With avocado toast sitting pretty on countless restaurant menus, and images of the never-to-grow-old pairing monopolizing Instagram, I am left wanting crusty bread slathered with fat every single day. I want it several times a day, and it cannot be made with just any old bread put through the toaster.
Without being heated to a crispy crust, the bread itself needs density and grain. It needs to be rustic, a little bit salty, seedy, and have hearty edges. In the absence of grit, it will never stand up to a generous heap of avocado mash, copious amounts of almond or grass-fed butter, or my personal favorite––a heavy drizzle of olive oil with fresh mashed garlic, and flaked sea salt.
The difficulty with satisfying my craving has been that when I snatch up a hearty loaf from the store, and even those from local artisan bakers, one or more slices going down (usually more) leaves me feeling heavy and lethargic. Experiencing these unpleasant feelings associated with something I love so much, is just too painful a reality to bear.
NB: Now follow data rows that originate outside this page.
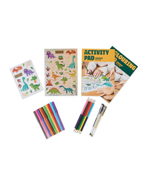 - Contains a 16 Sheet Colouring Pad, 16 Page Activity Pad, 10 Assorted Felt Tip Pens, 5 Pack Dual Tip Pens, 2 Pack Gel pens, Holographic and 3D Stickers
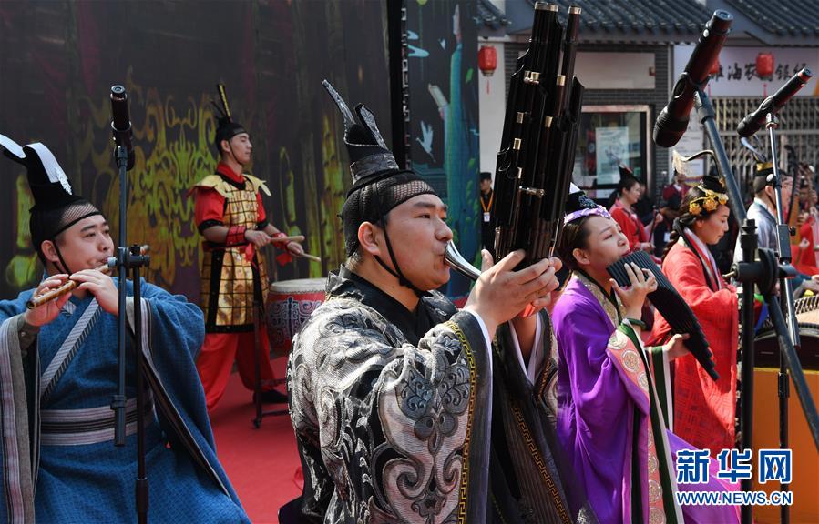 10月19日,在徐州市户部山历史街区,演员身着汉服演奏汉乐。 连日来,2019中国 (徐州)汉文化旅游节举行汉服嘉年华活动,为广大市民及汉服爱好者带来不一样的汉文化体验。身着各式汉服的市民演员随处可见,成为街头一道亮丽的风景。 新华社记者 陶明 摄
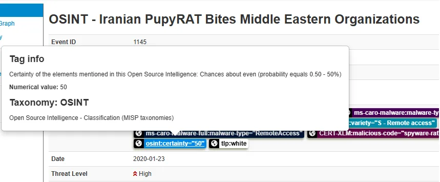 Finally, under the taxonomy section, I spotted a tag named osint:certainty=”50”, meaning this information had a 50% confidence level based on open-source intelligence.
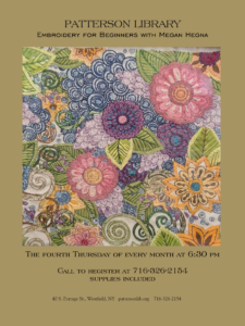 Calendar Add to Calendar Add to Timely Calendar Add to Google Add to Outlook Add to Apple Calendar Add to other calendar Export to XML When: February 26, 2026 @ 6:30 pm – 7:30 pm Repeats 2026-02-26T18:30:00-05:00 2026-02-26T19:30:00-05:00 Adult Program Art Class Classes Seniors workshop Embroidery for Beginners with Megan Hegna

As such, I decided to forego the angst, and take bread making into my own hands––a much easier endeavor when kneading is not involved. Regardless, I still managed to recently throw away two batches before landing on this addictive winner. The first loaf I hucked in the trash tasted like hay sprinkled with baking soda, and the second…well I am not sure how or why, but it tasted like fish. Writing this, I literally just laughed out loud. My bread tasted like fish. It is funny I admit, and completely true.
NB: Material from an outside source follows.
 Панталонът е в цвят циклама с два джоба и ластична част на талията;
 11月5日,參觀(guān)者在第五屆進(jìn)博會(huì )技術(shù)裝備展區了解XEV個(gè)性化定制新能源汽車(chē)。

Bearing that in mind, prepare to be wowed.
The recipe below is for a loaf of bread with all the aforementioned characteristics, and I am finding excuses to eat it with everything. Smoothie accompaniment, check. Avocado toast, check. With a cup of tea, check. With evening soup, yep. With butter, oh yah.
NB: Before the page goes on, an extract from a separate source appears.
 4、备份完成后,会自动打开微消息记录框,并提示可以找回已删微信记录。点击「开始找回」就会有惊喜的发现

Now, I figured if I was going to task myself with making bread, I might as well ensure it is as nutrient-dense as possible. The whole point is to have it not only taste good, but leave me feeling good too. For me, that means the resulting bread has to be rich in fiber, protein, fat, and complex carbohydrates.
In the past I have worked with gluten-free flours such as coconut, buckwheat, and teff, and they ended up making the bread a little ‘too’ dense…a bit too chewy for my liking. In an attempt to appeal to vegans, I have also historically used binders such as psyllium husk. Frankly, such ingredients leave an unpleasant taste behind that I am cursed to be able to detect, so this recipe contains eggs.
The flour I selected to serve as the bread’s baseline is other worldly. It is made from finely ground tiger nuts, which are actually not nuts at all, but rather small root vegetables. Though existing on our planet for lifetimes, they have been made popular by Paleo devotees. I do not subscribe to the Paleo lifestyle, but will admit I am forever grateful for them harvesting and making tigernuts and flour accessible.
The flour is beyond stellar to bake with. It has just enough texture to be considered hearty, it is subtly sweet, and is rich in fiber and protein. And, to make gluten-free/paleo baking substitutions a cinch, it can be used cup for cup in place of any whole grain flour. Enjoy!
Tiger Nut and Seed Paleo Bread
Makes: (1) 9 x 11 loaf (approx. 18 slices)
1 cup raw sunflower seeds
1/2 cup raw hazelnuts
1 1/4 cup tiger nut flour
1/2 cup almond meal (aka almond flour)
1/2 cup flax meal (ground flax seeds)
1/2 cup raw pumpkinseeds
1 tablespoon chia seed powder
2 tablespoons raw sesame seeds
2 teaspoons sea salt
3 whole pastured eggs
1 tablespoon coconut oil, melted
1 tablespoon coconut nectar, runny honey, or maple syrup
1/2 cup filtered water
Using a spice grinder or Vitamix, pulse the hazelnuts, and 3/4 cup of the sunflower seeds until finely ground. Transfer to a large mixing bowl.
Add remaining 1/4 cup sunflower seeds, tiger nut flour, almond meal, flax meal, pumpkinseeds, chia seed powder, sesame seeds, and sea salt to bowl. Stir to combine.
Whisk eggs, and then fold into dry ingredients. Add coconut oil, liquid sweetener, and filtered water. Stir to incorporate, and mix thoroughly.
Let the dough stand for fifteen minutes at room temperature. Meanwhile, heat oven to 350 degrees. Line a 9 x 11 bread pan with parchment paper. Once fifteen minutes has passed, spoon dough into pan, evening out the top with a spatula or frosting knife. Place in the oven on middle rack. Bake for forty minutes, or until a knife comes out clean after piercing the center of the loaf.
Let rest on a cooling rack for thirty-minutes to one hour before removing from pan and slicing into 3/8-inch slices. Enjoy often with your favorite spreads, jams, butters, beans and vegetable mash.